Se la ricotta che si acquista fosse troppo bagnata, o perdesse molta acqua, consiglio di lasciarla scolare qualche ora o la notte prima. Se la ricotta non è troppo bagnata ha meno bisogno di farina e gli gnocchi vengono molto più buoni. L'impasto deve risultare una bella palla bianca e morbida.

Copriamo con pellicola trasparente e ultimiamo il nostro ripieno, che non è altro che la polpa dell'agnello tritata. Ovviamente il lavoro più noioso è stato spolpare la carne dall'osso, stando attenta alle schegge di ossa che ogni tanto si trovano. Ho eliminato il grasso più duro e poi ho passato il tutto al frullatore per tritarlo grossolanamente. Non ho aggiunto nient'altro. Ho poi messo il tutto in una sac à poche perché per me è molto più comodo e veloce, ma chi non avesse dimestichezza non c'è problema, basta un cucchiaino.

3
Fatto
30'

assembliamo gli gnocchi

L'impasto è morbidissimo da lavorare, sembra plastilina.
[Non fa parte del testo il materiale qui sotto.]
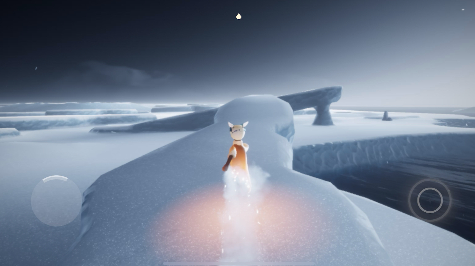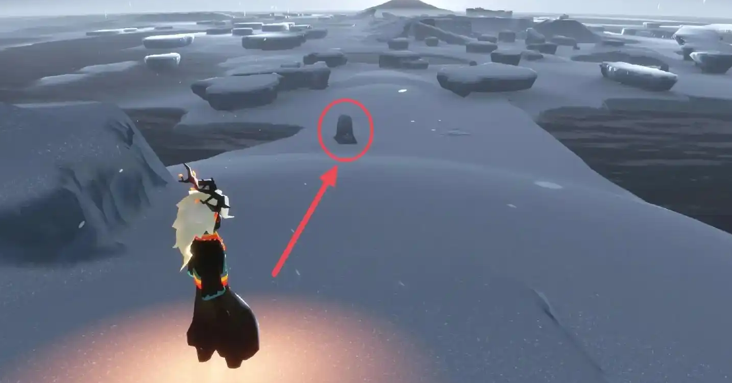 沿着冰川边缘走到对面,跳到石板上激活第六个石灯。继续前进时要把握好跳跃时机,石板之间的距离有点远,建议在湖水刚开始退潮时就起跳。到达圆形平台后难度会增加,需要连续跳跃浮冰。每个浮冰都是存档点,但比较滑容易掉入水中,最好在潮水未完全落下时就开始移动。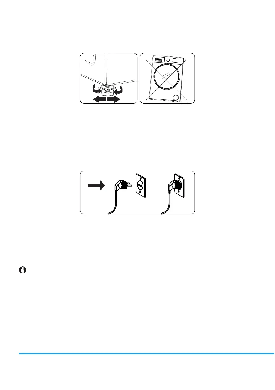 2. To increase the height of the machine, turn the feet clockwise. To decrease the height of the machine, turn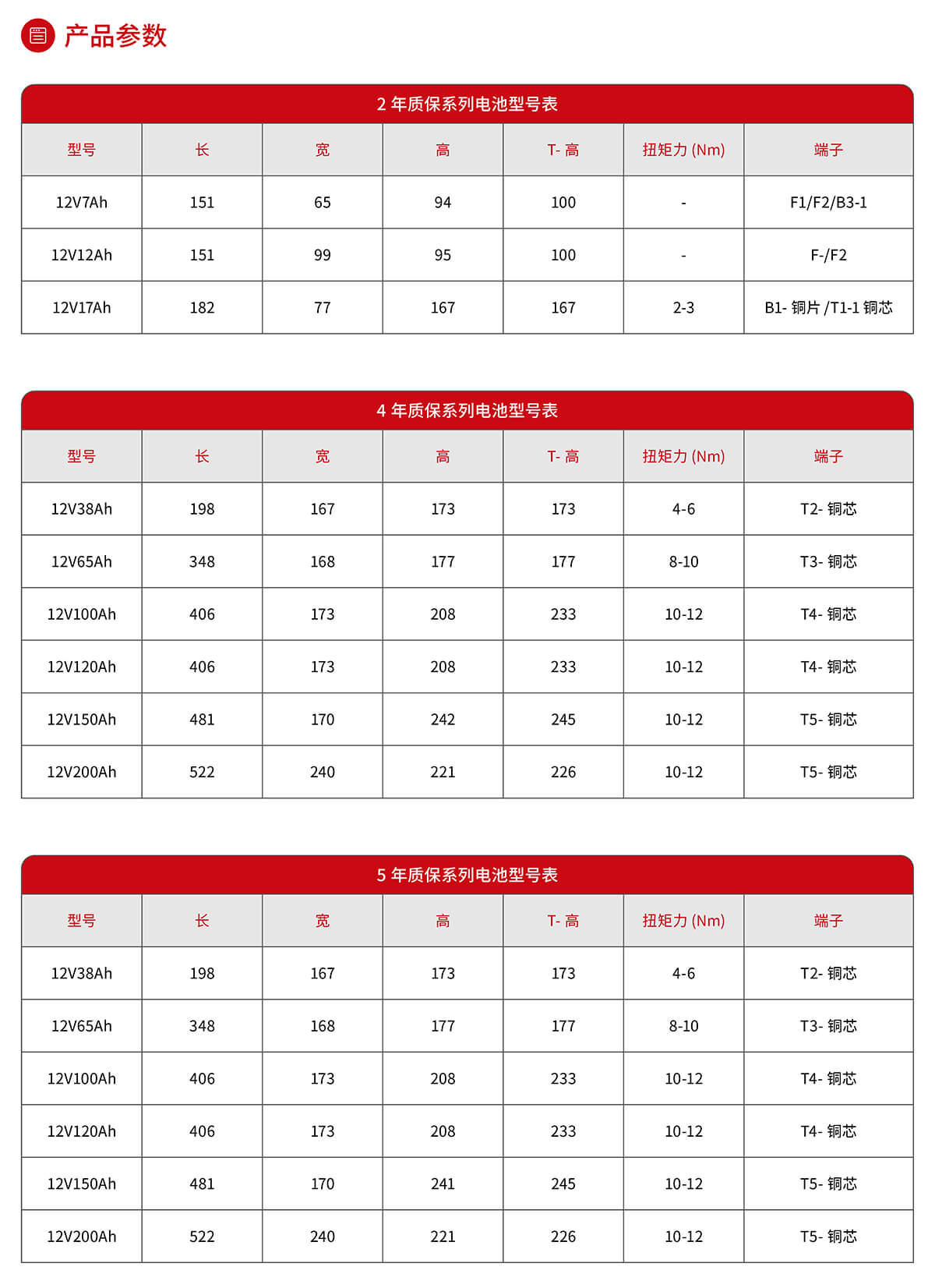 DW 系列全能型冲网蓄电池,创新工艺代表性产品,小密型号可选一年/ 两年质保,中大密型号可选三年/ 四年/ 五 年原厂质保,依托过硬品质领军长质保赛道。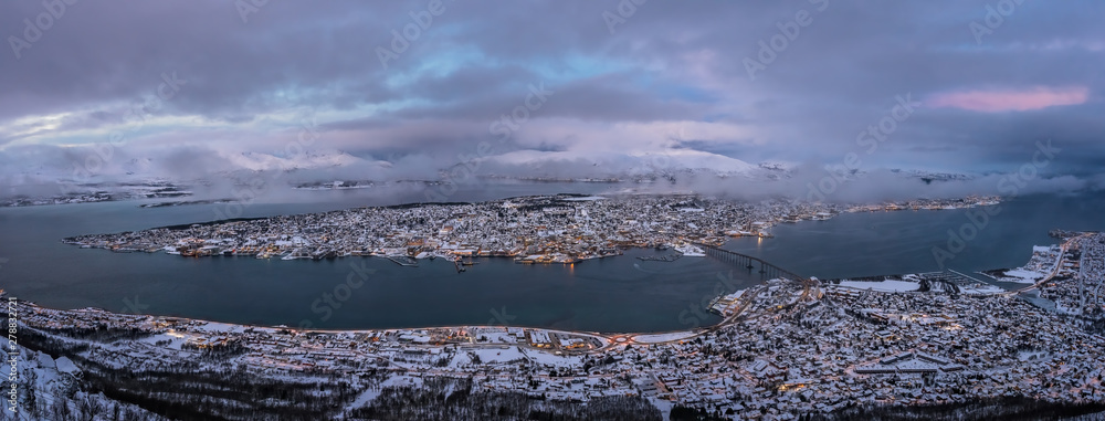 Panoramic aerial view of Tromso town in Norway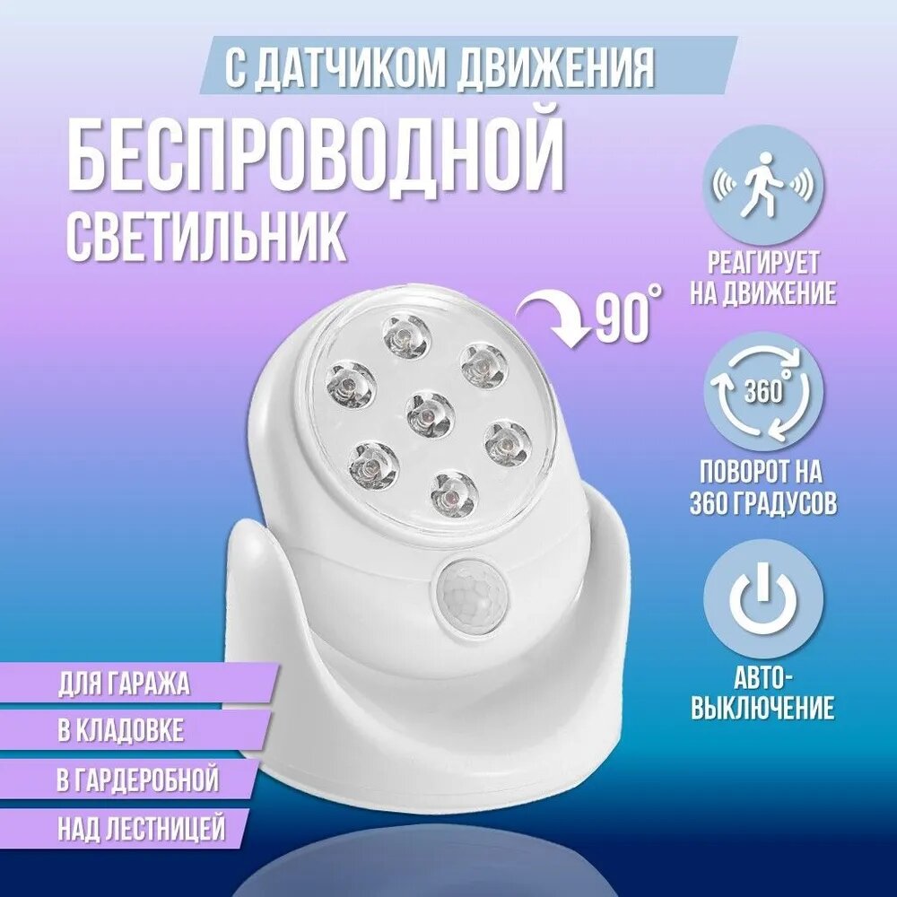 Светильник светодиодный, с датчиком движения, белый, на батарейках, беспроводной, IP44 информация: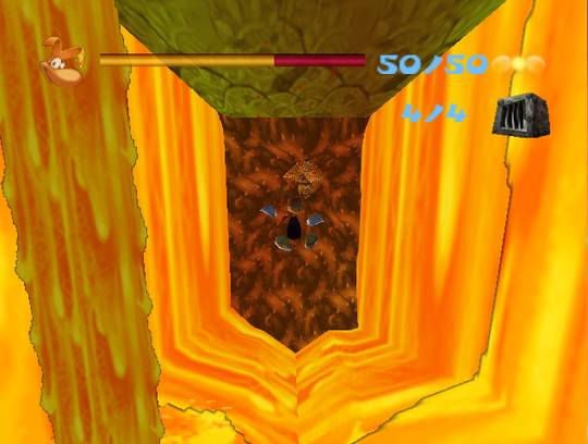 Rayman's fists are not the only weapons in his arsenal, however. He can chuck plums at foes, detonate explosive kegs, and hitch rides on walking barrels. The enemies are no pushovers, however, and actually make for quite an impressive challenge. (As pirates, they are able to get away with being brutal.) Failure to dodge enemy fire will result in your health bar taking a dive. Occasionally you will come across one of your lost friends caged in a precarious situation. Free enough of them and your health bar will increase. The game is not merely pure platform action, however. There is puzzle-solving abound, ready to test the very mettle of your mind. Many of these puzzles do not have obvious solutions, forcing you into a game of trial and error. While the game may have a somewhat childish appeal, a few of these dilemmas will have grown men banging their heads against the wall. In numerous stages, you will be pitted on some form of vehicle, such as a water ski or a rocket, while dodging obstacles in your wake. While these gimmicks can be fun little diversions, they have a tendency to be annoying to handle at times.
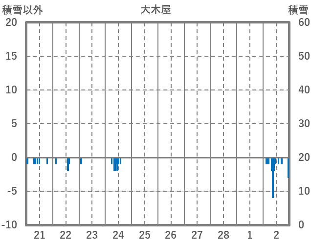 | 日 | 時 | 気温 | 降水 | 風向/風速 | 日照 | 積雪 | 降雪 |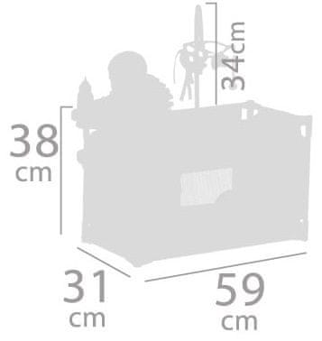 - Dimenzija ležaja: 59 × 31 × 38 cm (d x š x v).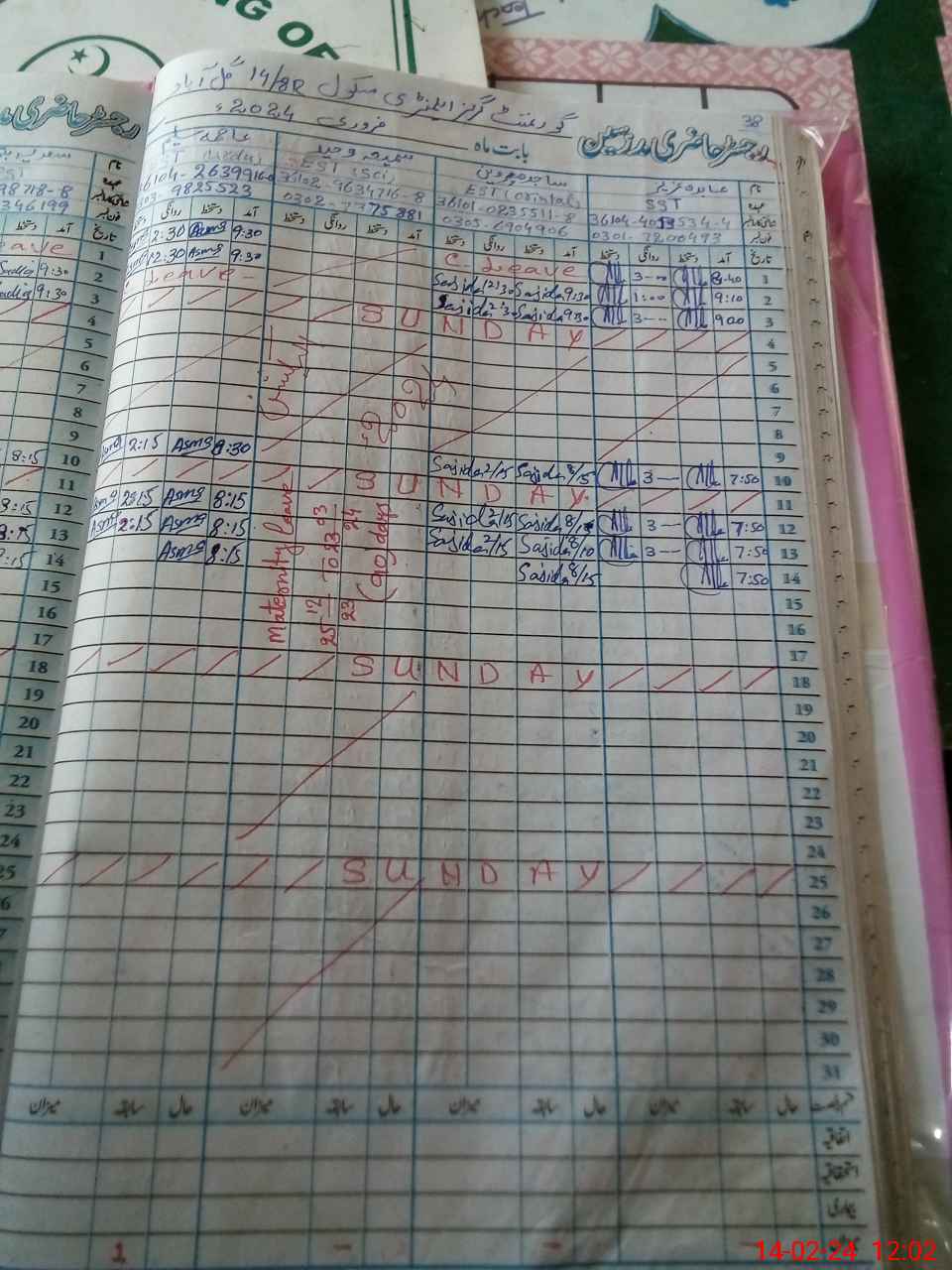| Leave | Duty | Absent | Maternity | Medical | Ex- Pak |
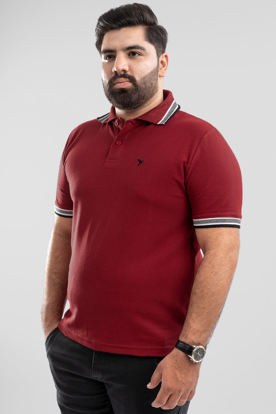 Self-express your class and style in Red, White, Grey & Black Contrasting Jacquard Collar Polo Shirt featuring a embroidered bird emblem on the front. It is made with premium pique fabric to ensure long-lasting quality and comfort.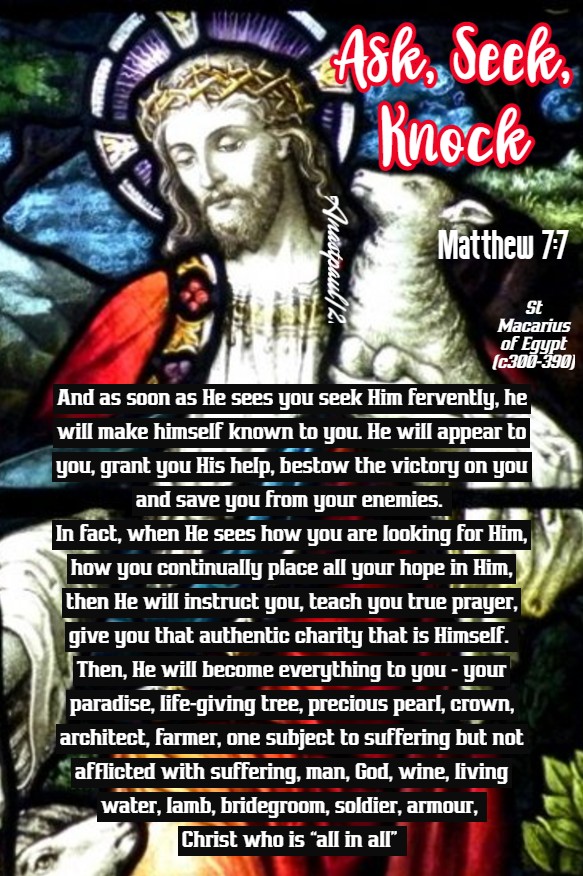 Just as a child cannot feed or take care of itself but can only look at its mother and cry until she takes pity and gives it her attention, so believing soul,s always hope in Christ and attribute to Him, all righteousness. As the shoot withers if it is separated from the vine (Jn 15,6) so does someone who wants to become faultless apart from Christ. Just as “someone is a thief and robber who does not enter the sheepfold through the gate but climbs over elsewhere” (Jn 10,1), so it is with someone, who wants to become just, without Him who justifies.” – St Macarius of Egypt (c 300-390) Monk – Spiritual Homilies no 30, 3-4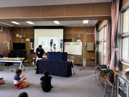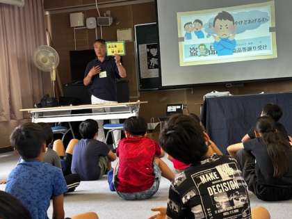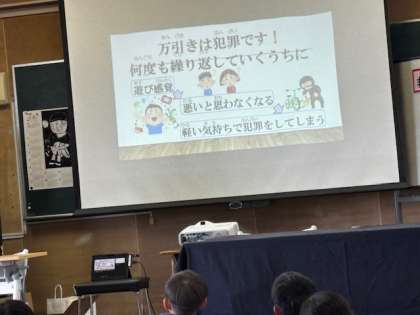 5年生が非行防止教室を受けました。最初に人形劇で万引き行為について学びました。そのあと、警察方から犯罪行為につながるようないろんな行動を教えてもらいました。

Ho fatto i classici grissini lunghi, li ho tagliati a pezzetti, ne ho fatto delle palline che ho poi schiacciato e appiattito, nelle quali ho messo una nocciolina di ripieno e poi ho chiuso. Semplicissimo. E una volta presa la mano ho fatto il tutto in 15/20 minuti.

Ed ecco i miei gnocchi pronti. Li ho sistemati su un vassoio coperto di carta forno così non attaccano. Si possono preparare anche il giorno prima, basta coprirli con la pellicola e lasciarli in frigo. Io li ho fatti in mattinata per il pranzo, li ho lasciati semplicemente fuori fino al momento di cuocerli, che deve essere fatto praticamente quando tutti sono a tavola, perché impiegano pochi minuti per essere pronti.

4
Fatto
20'

il condimento

Velocissimo:

  • padella grande (devono starci gli gnocchi) con olio EVO e l'aglio fatto a pezzetti
  • appena ha preso colore mettiamo la scarola, ben lavata e tagliata a pezzettoni
  • facciamo appassire e insaporire una decina di minuti, saliamo se necessario.
  • spegniamo il fuoco e lasciamola da parte.

Finito.

5
Fatto
10'

impiattiamo

Mettiamo una pentola d'acqua sul fuoco, appena bolle mettiamo il sale e delicatamente anche i nostri gnocchi. In pochi minuti verranno a galla, io li ho fatti andare qualche minuto di più perché essendo un poco più grossi degli gnocchi normali avevo paura che l'interno risultasse crudo.

Accendo la fiamma sotto la padella con la scarola, io ne ho usata una grande tipo wok, quando il tutto è ben caldo con una schiumarola prendo gli gnocchi dalla pentola e li passo nella padella, (consiglio di non usare lo scolapasta perché essendo delicati si potrebbero rompere) una veloce saltata per fare insaporire il tutto e non dobbiamo fare altro che metterli nei piatti e gustarceli.